May my performance this semester be consecrated for the welfare of my students.
May their performance this semester make some lasting difference in the magnifying of their talents and in their ongoing progress into their full potential.
In Christ's name, amen.
It's very late, and I need to get some sleep. But I want to do a virtual version of my old custom of dedicating my classrooms. I used to do this back when I taught at the University of Utah: I would go into each of my classrooms a couple days before the beginning of the semester, while there was no one around, and pray. Then the custodians tightened up security and started locking the classrooms, so I couldn't do it anymore, at least not as physically present.
So here's a "distance" version. If we can have distance learning, why not a distant classroom dedication?
God of Light, Master Teacher, Spirit of Truth—
You have taught your children to seek learning by study.
You have urged us to seek words of wisdom from the best books.
You have urged us to gain a knowledge of history and of countries; things which have been and are; things at home and abroad; the conflicts and perplexities of the nations.
You have taught us to magnify our talents and to use our gifts in the service of our fellow beings.
I pray for the students I will serve this semester as their teacher.

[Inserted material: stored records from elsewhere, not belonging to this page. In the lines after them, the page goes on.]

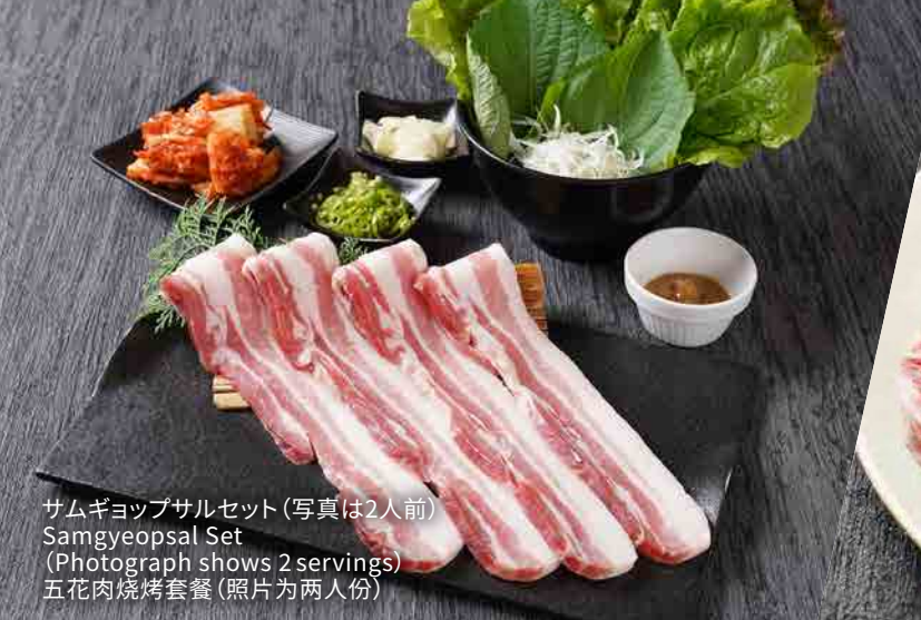
サムギョップサルセット (写真は2人前) Samgyeopsal Set (Photograph shows 2 servings) 五花肉烧烤套餐 (照片为两人份)
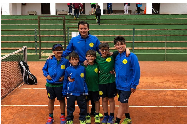
EQUIPO INFANTIL MASCULINO 2018
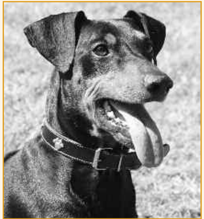
Quint beeindruckte bei dem Test "Warnweste" durch eine absolute Abklärtheit.

Wir: Halon, Paul und Quint sind alle im Tierheim Essen und suchen ein neues Zuhause!
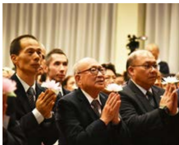
志工們手捧蓮花燈，祈願新的一年平安祥和
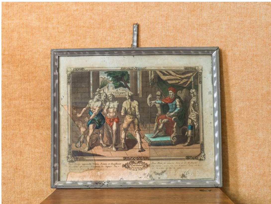
Première station : Jésus est condamné à mort.
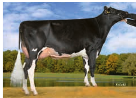
SRS Blackberry (1) VG85, Schulz GbR, Seedorf

DE 01 23451708 geb.: 15.07.2019 aAa 234156 A2A2
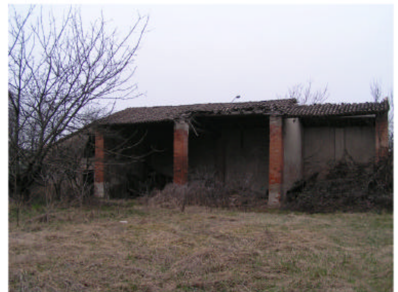
8. Edificio 2
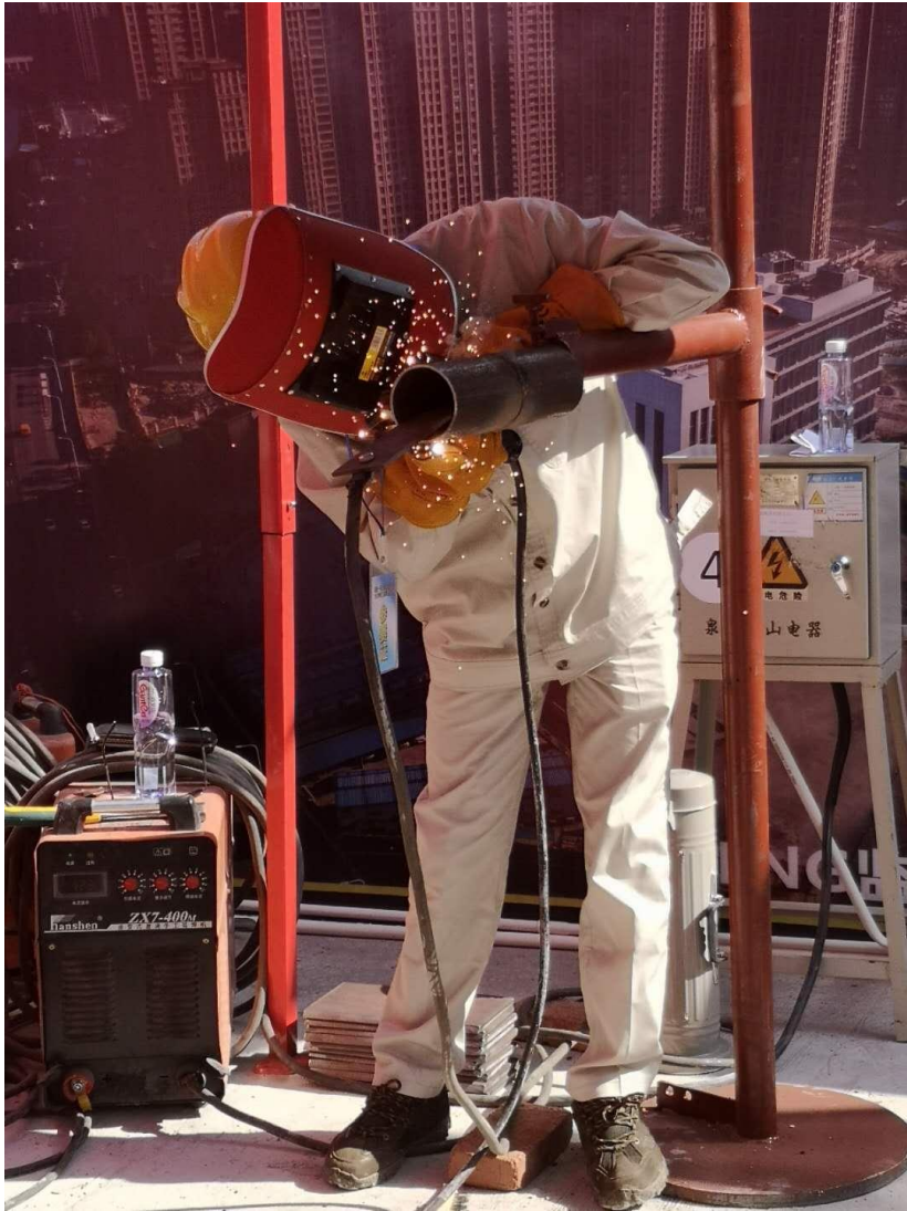
《技能竞赛》 “醉美·最忆是一建”摄影比赛获奖作品选登
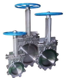
나이프 게이트 밸브
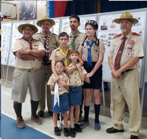
Скаутская выставка в Панаме (см. стр. 9)
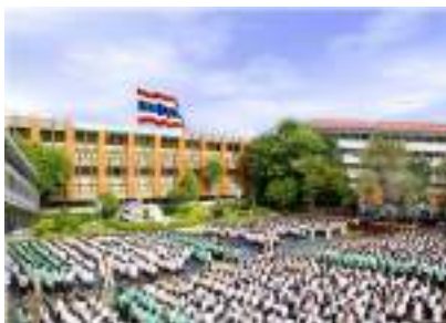
สถานศึกษา
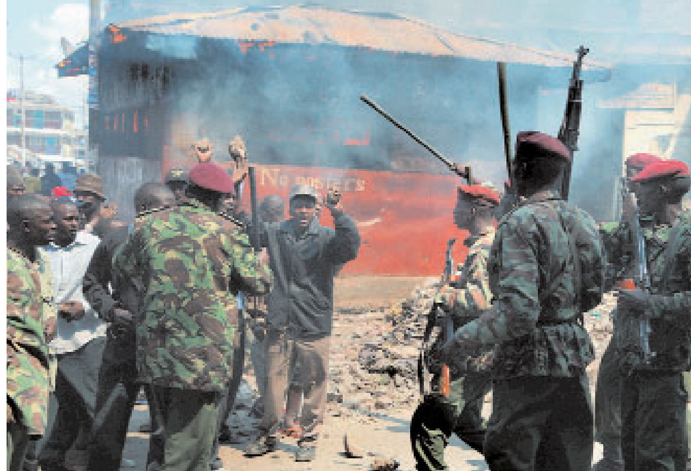
Katastrophennachricht zum Jahresende: blutige Unruhen in Kenya nach den Wahlen.

Das türkische Militär reagierte konsterniert, während die Regierungen der EU-Staaten sich auf den Standpunkt stellten, Gül sei ein gemäßigter Politiker, der sich der Demokratie verpflichtet fühle. Entspricht das den Tatsachen? Als schwierig empfand man in der EU auch die von der offiziellen Türkei geforderte Leugnung des Völkermords an den Armeniern (betreffend die Massaker von 1915) und das erneute Aufblühen des Konflikts mit den Kurden (die türkische Führung sprach da jedoch lediglich, wie bereits erwähnt, von einem Konflikt mit der kurdischen PKK, die ihrerseits mehrere blutige Anschläge auf türkische Sicherheitskräfte im Grenzgebiet zwischen der Türkei und Irak verübte).

I pray that I can inspire them with enthusiasm for the subjects we study; that I will be guided to discern clearly the connections that will make this material relevant and useful for them.

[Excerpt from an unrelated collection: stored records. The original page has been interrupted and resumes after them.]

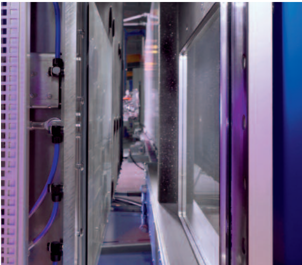
Rechteck-Format in der Presse
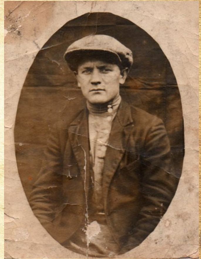
Прадед в довоенные годы.

В дальнейшем своём исследовании я обратился к официальным электронным ресурсам Министерства Обороны России: «Подвиг народа» и «Память Народа». Прочитал книгу П.А. Белова «За нами Москва», изучил журнал боевых действий партизанского отряда «Северный медведь», ознакомился на интернет-ресурсах с разрозненными
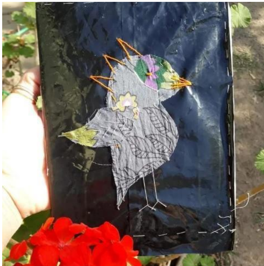
Alejandra Bosch em instagram.com/ediciones.arroyo_editorial .
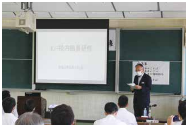
木元所長による講話
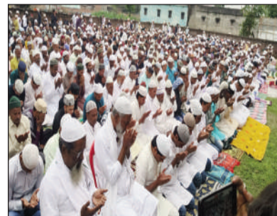
नमाज अदा करते रोजेदार।

नमाज के बाद लोगों ने एक-दूसरे से गले मिलकर ईद की मुबारकबाद दी। बच्चों और युवाओं में खासा उत्साह देखने को मिला। सिमराही बाजार, राधेपुर, गद्दी, हुलास, गनपतगंज, रामविशुनपुर, परमानंदपुर, डुमरी और धर्मपट्टी समेत कई इलाकों में लोग सुबह से ही नए कपड़े पहनकर ईदगाहों की ओर जाते नजर आए। मस्जिदों और ईदगाहों को आकर्षक ढंग से सजाया गया था, जिससे पूरे क्षेत्र में त्योहार का खुशनुमा माहौल बना
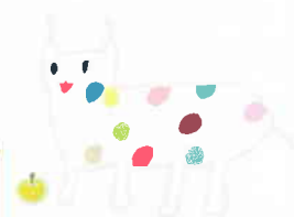
戸塚区のマスケット 「ウナシー」

主任児童委員は、地区のなかで担当区域を持たず、子育て、不登校、いじめ、虐待など児童に関する分野を専門に担当し、区役所や学校、児童相談所などと連携しながら活動をすすめています。
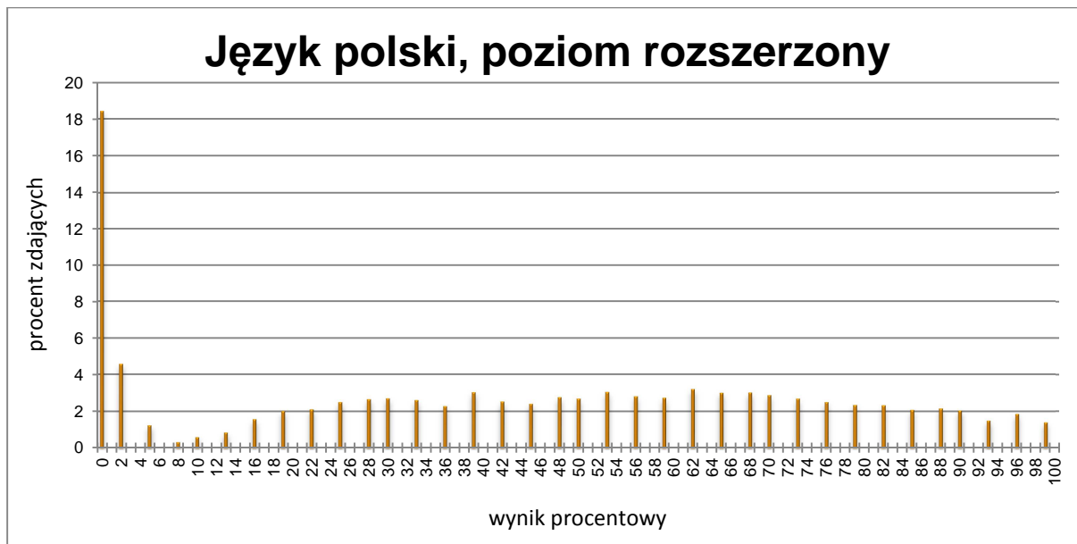
TABELA 4. WYNIKI ZDAJĄCYCH – PARAMETRY STATYSTYCZNE*
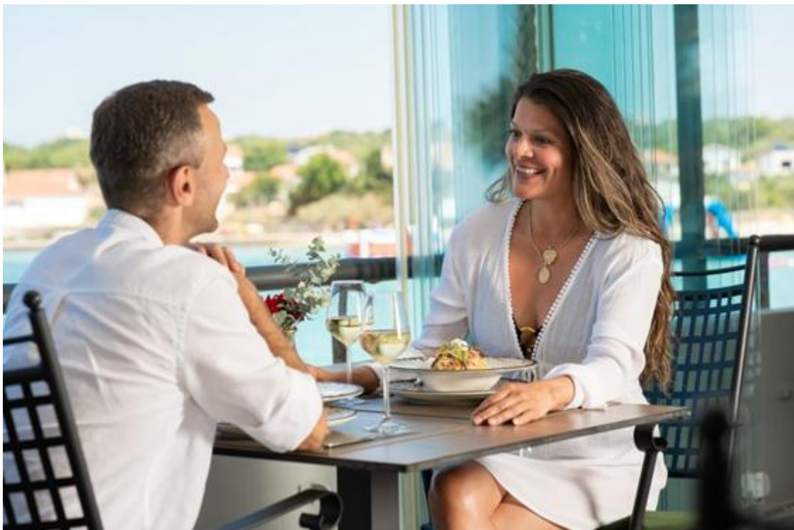
Slika br. 3 – Hotel Pinija Restoran Lanterna
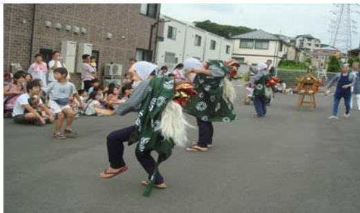
立ち見も出る大盛況

グループホームれんげは、お隣りにグループホームすみれもあり、お祭りとなるととてもにぎやかです。
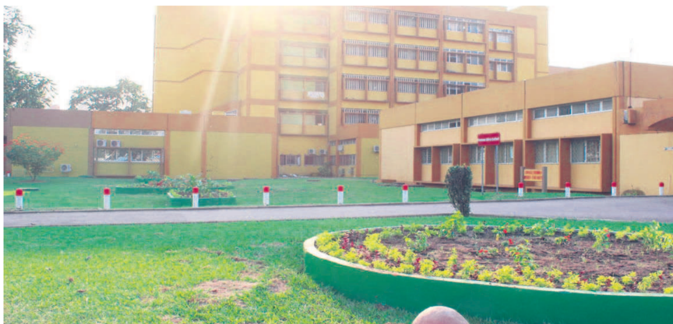
Le Centre hospitalier universitaire
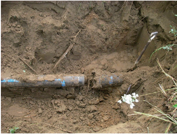
写真 4.7 呼び径 150 DIP 継手抜け
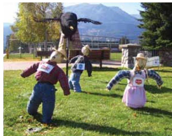
École Desrochers a remporté la catégorie « métaphorique ».

JASPER – Entre les 17 et 28 septembre derniers, la communauté de Jasper a participé à leur premier concours annuel d'épouvantail. Pour le concours il y avait trois différentes catégories : « épeurant », « métaphorique » et « naturel ». Ensuite, les trois juges locaux sont allés autour de la ville pour évaluer tous les épouvantails. Deux groupes d'élèves de l'école Desrochers ont participé au concours cette année : les élèves de la maternelle et ceux du secondaire (7 e à 12 e ).
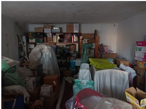
Ripostiglio a ovest 1° p.
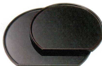
10-104-9 A 半月盆 溜 B-31-92 7寸 ¥1,750 (20.2×17.8×1) 梱80 B-31-93 8寸 ¥2,250 (24.2×21.2×1) 梱60
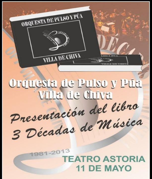
Publicación libro "Tres Décadas de Música"

I pray that I can help them develop their intellectual gifts, their critical acumen. I pray that I can help them pursue their interests in ways that they find fruitful.
I pray that I will be inspired to provide them with effective feedback.
I pray that I will be led to be appropriately demanding and supportive.
I pray for the gifts of effective communication and discerning judgment.
I dedicate the classrooms in which I will teach this semester to be temples of the Spirit of knowledge.
I pray these rooms be filled with the Light that illuminates the mind and enlarges the understanding.
I pray these rooms be dwelling places of the Spirit that reasons and edifies.
I pray that here there be no influence maintained except by persuasion, long-suffering, gentleness, meekness, kindness, and love unfeigned, without hypocrisy.
May my performance this semester be consecrated for the welfare of my students.
May their performance this semester make some lasting difference in the magnifying of their talents and in their ongoing progress into their full potential.
In Christ's name, amen.
Sunday, August 7, 2011
Catching up
The past couple of weeks have been crazy—we just moved out of North Carolina to Ohio, where I'll be teaching for the next year. I haven't been online in several days as a result, so let me do some catching up.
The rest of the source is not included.